4. Share data after the time embargo period has expired
A time embargo can be imposed on data for various reasons. You should always describe reasons for imposing the time embargo in the DMP (even if it is only intended) so that you can meet the open data sharing requirement while protecting the data for a limited time for various reasons. Similarly, the time embargo must be stated in the Data Availability Statement.
Reasons for restricting access to data
Not all data can be shared openly, most often due to legal or ethical barriers. Therefore, there are acceptable situations for setting restrictions on data access. If anything prevents the release of data, or if data must be released in a restricted mode (e.g., time embargo), authors must clearly state these restrictions in the data availability statement at the time of submission of the publication/research results. Acceptable restrictions on the public sharing of data include:
-
Third-party data
For studies involving third-party data, it is recommended to share all data specific to the analyses performed in the research, as long as their dissemination is legally possible. If third-party data have been used that the researchers do not have the right to share, the authors must provide all the information necessary to allow interested researchers to request access to the data.
-
Data on human subjects and other sensitive data
For studies involving human subjects data or other sensitive data (health records, personal information, etc.), authors can publicly share only anonymised data. However, if the data cannot be shared publicly or fully anonymized, this barrier to open data sharing must be stated in the DMP as well as the Data Availability Statement
-
Protection of commercial intent, competitive advantage and patents
In the case of a research collaboration with the private sector, where the research data used to produce a publication/scientific output could harm the commercial and business intentions of the partner, then the relevant reason is to publish the research data with a restriction, e.g., a time embargo, where the embargo will be removed once the potential threat has expired. The same is the case where open sharing of research data could jeopardise, for example, the success of a patent application. Again, in some cases, research data just cannot be openly disclosed. Any obstacles to open data sharing must be stated in the DMP as well as in the Data Availability Statement.
What data needs to be shared
In most cases, whether publishing or releasing data after a project is completed, open data sharing is approached by sharing a 'minimum dataset'. The minimum dataset consists of the data needed to replicate all the results of your research or publication and includes associated metadata and methods. It is also good practice to follow discipline-specific standards for data preparation, documentation and storage.
- values of means, standard deviations and other reported measures;
- the values used to construct the graphs;
- points extracted from images for analysis
Raw or processed data?
As for the nature of openly shared data, it depends on established discipline practices as well as the conditions of the publisher. Authors do not have to submit the entire dataset if only part of the data was used in the reported study. . Authors also do not have to submit raw data collected during the survey if it is standard in the discipline to share data that has been processed.
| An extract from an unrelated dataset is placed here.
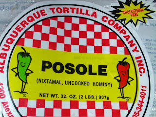 I had some fresh posole that a friend had brought back to me from New Mexico. So posole it was that starred in our Sunday night dinner this week.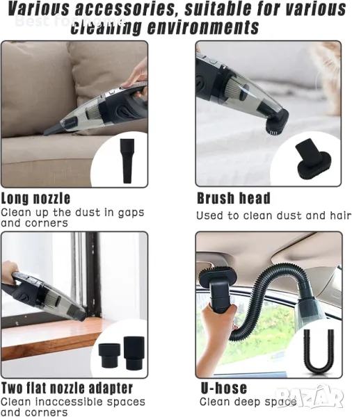 【Професионални инструменти за почистване】8 в 1 мощна ръчна прахосмукачка с няколко функционални аксесоара: Удължени U-образни маркучи, комбинирани с глава на четката, можете да почистите всеки ъгъл на колата си. Дълга дюза за почистване на пукнатини и ъгли от прах. Миещ се HEPA филтър. 2* плоски дюзи за преобразуване, почистващи труднодостъпни места и ъгли. Четка за прах за събиране на коса или мръсотия от деликатни повърхности и тапицерия. 1 USB зарядно устройство, 1 ръководство за потребителя. 1x ръчна прахоуловителка.

In other cases, publishers request the sharing of the raw data on which the scientific publication is based. This is because raw data includes the individual data points or smallest units of information on which the research is based. Already processed data, such as averages and percentages, can only be re-analysed using limited methods. Furthermore, outliers and missing data cannot be read from processed data, so only partial verification of scientific results can occur.
Data Availability Statement
Authors are encouraged to include a Data Availability Statement (DAS) in all articles that report results obtained from research data. The statement should include information on where to find data supporting the results presented in the article, including hyperlinks to publicly available datasets uploaded to the data repository, including persistent identifiers where appropriate. If the research data are not publicly available, this must be stated, together with any reasons for restricting access and the conditions for accessing the data.
If you are submitting a manuscript to a peer-reviewed journal that has terms and conditions for sharing research data, you will likely be asked to include the data availability statement directly in your manuscript. These statements are intended to make the data more findable and accessible.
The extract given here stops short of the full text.